Katarak Imatur, sebagian lensa keruh atau katarak. Katarak yang belum
mengenai seluruh lapisan lensa. Pada katarak imatur akan dapat bertambah volume
lensa akibat meningkatnya tekanan osmotik bahan lensa yang degeneratif. Pada
keadaan lensa mencembung akan dapat menimbulkan hambatan pupil, sehingga
terjadi glaukoma sekunder.

11
Katarak Matur. Pada katarak matur kekeruhan telah mengenai seluruh masa
lensa. Kekeruhan ini bisa terjadi akibat deposisi ion Ca yang menyeluruh. Bila
katarak imatur atau intumesen tidak dikeluarkan maka cairan lensa akan keluar,
sehingga lensa kembali pada ukuran yang normal. Akan terjadi kekeruhan seluruh
lensa yang bila lama akan mengakibatkan kalsifikasi lensa. Bilik mata depan akan
berukuran kedalaman normal kembali, tidak terdapat bayangan iris pada lensa yang
keruh, sehingga uji bayangan iris negatif.
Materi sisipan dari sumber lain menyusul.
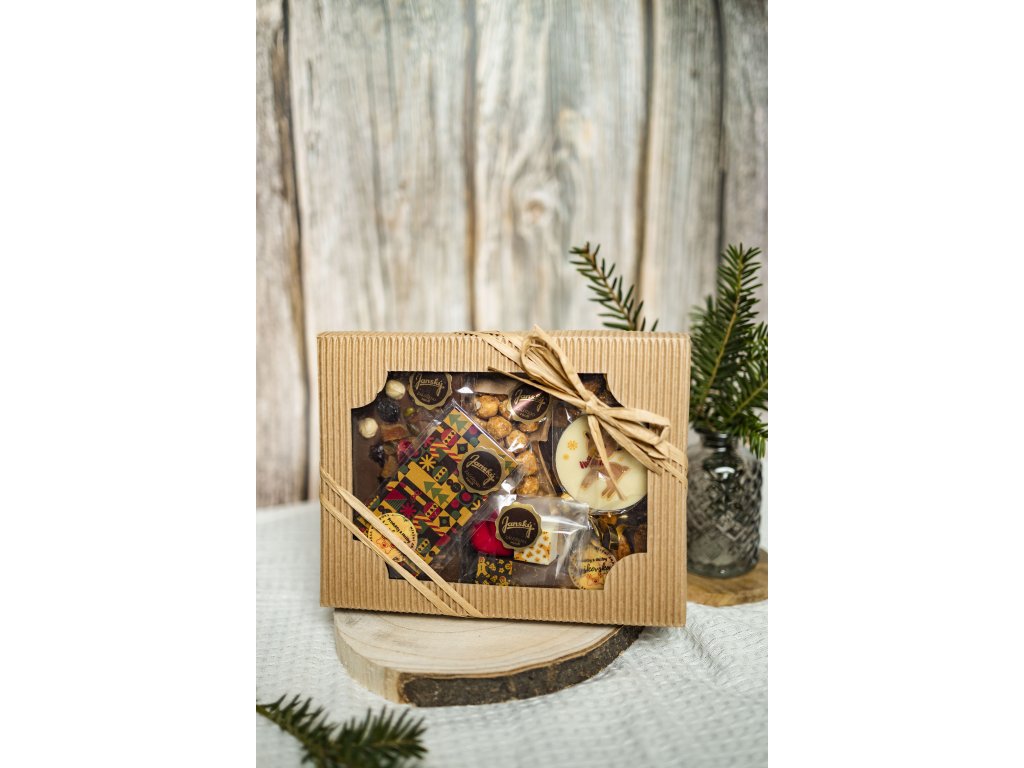 Vánoční balíček s čokoládovými výrobky Janský.

Katarak Hipermatur, katarak yang mengalami proses degenerasi lanjut,
dapat menjadi keras atau lembek dan mencair. Masa lensa yang berdegenerasi keluar
dari kapsul lensa sehingga lensa menjadi mengecil, berwarna kuning dan kering. Pada
pemeriksaan terlihat bilik mata dalam dan lipatan kapsul lensa. Kadang pengkerutan
berjalan terus sehingga hubungan dengan Zonula Zinn menjadi kendor. Bila proses
katarak berjalan lanjut disertai dengan kapsul yang tebal maka korteks yang
berdegenerasi dan cair tidak dapat keluar, maka korteks akan memperlihatkan bentuk
sebagai sekantong susu disertai dengan nukleus yang terbenam di dalam korteks lensa
karena lebih berat. Keadaan ini disebut sebagai katarak Morgagni.
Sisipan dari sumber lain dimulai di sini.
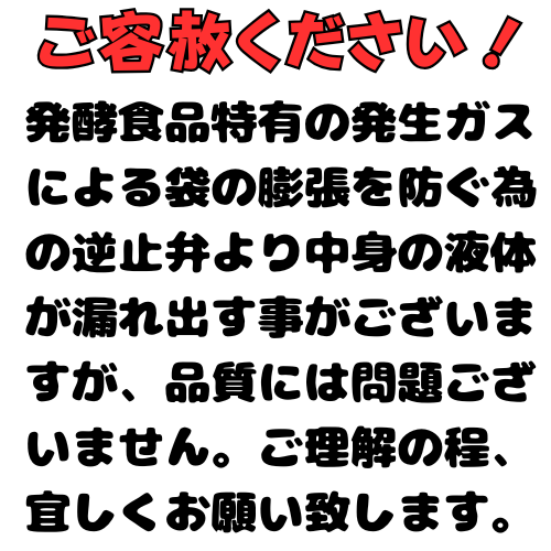 【注意事項3】 | 醗酵基材として、「上白糖」を使用しております。 例えば、「てんさい糖」や「きび砂糖」などは、そのままいただくには大変適しているのですが、醗酵を促す基材としては、不向きな糖類であり、「上白糖」の持つ浸透圧を利用することで植物中の酵素を壊すことなく抽出できます。 そして、製品の甘さは「上白糖」とは全く別物です。「上白糖」は、醗酵の過程を経る事により醗酵微生物の酵素によって分子が切断される為「果糖」と「ブドウ糖」 に分解されております。(糖検査にて、製品からは上白糖は検出されておりません。) 従いまして、甘さの正体は通常の生成された砂糖の甘さではなく、「果糖」「ブドウ糖」その他複雑な構成成分となります。このふたつの糖類は身体に必要なエネルギー源として点滴でも使用されているものです。 カロリーについても「生きているカロリー」ですから、加工食品に比べて燃焼効率が良く心配はありませんが、もし気になるようでしたら、摂取カロリーを見て量の増減をしてあげてください。 |

Katarak Brunesen. Katarak yang berwarna coklat sampai hitam (katarak nigra)
terutama pada nukleus lensa, juga dapat terjadi pada katarak pasien diabetes melitus
dan miopia tinggi. Sering tajam penglihatan lebih baik daripada dugaan sebelumnya
dan biasanya ini terdapat pada orang berusia lebih dari 65 tahun yang belum
memperlihatkan adanya katarak kortikal posterior.
4. Manifestasi Klinis
Pasien datang biasanya dengan keluhan sebagai berikut:1,6
a. Penurunan tajam penglihatan (visus). Katarak menyebabkan penurunan
penglihatan progresif tanpa rasa nyeri. Umumnya pasien katarak menceritakan
riwayat klinisnya langsung tepat sasaran. Dalam situasi lain, pasien hanya
menyadari adanya gangguan penglihatan setelah dilakukan pemeriksaan. Pada
katarak kupuliform (opasitas sentral) gejala lebih buruk ketika siang hari dan

12
membaik ketika malam hari. Pada katarak kuneiform (opasitas perifer) gejala
lebih buruk ketika malam hari.
b. Silau. Pasien katarak sering mengeluh silau, yang bisa bervariasi keparahannya
mulai dari penurunan sensitivitas kontras dalam lingkungan yang terang hingga
silau pada saat siang hari atau sewaktu melihat lampu mobil atau kondisi serupa
di malam hari. Keluhan silau tergantung dengan lokasi dan besar kekeruhannya,
biasanya dijumpai pada tipe katarak subkapsular posterior.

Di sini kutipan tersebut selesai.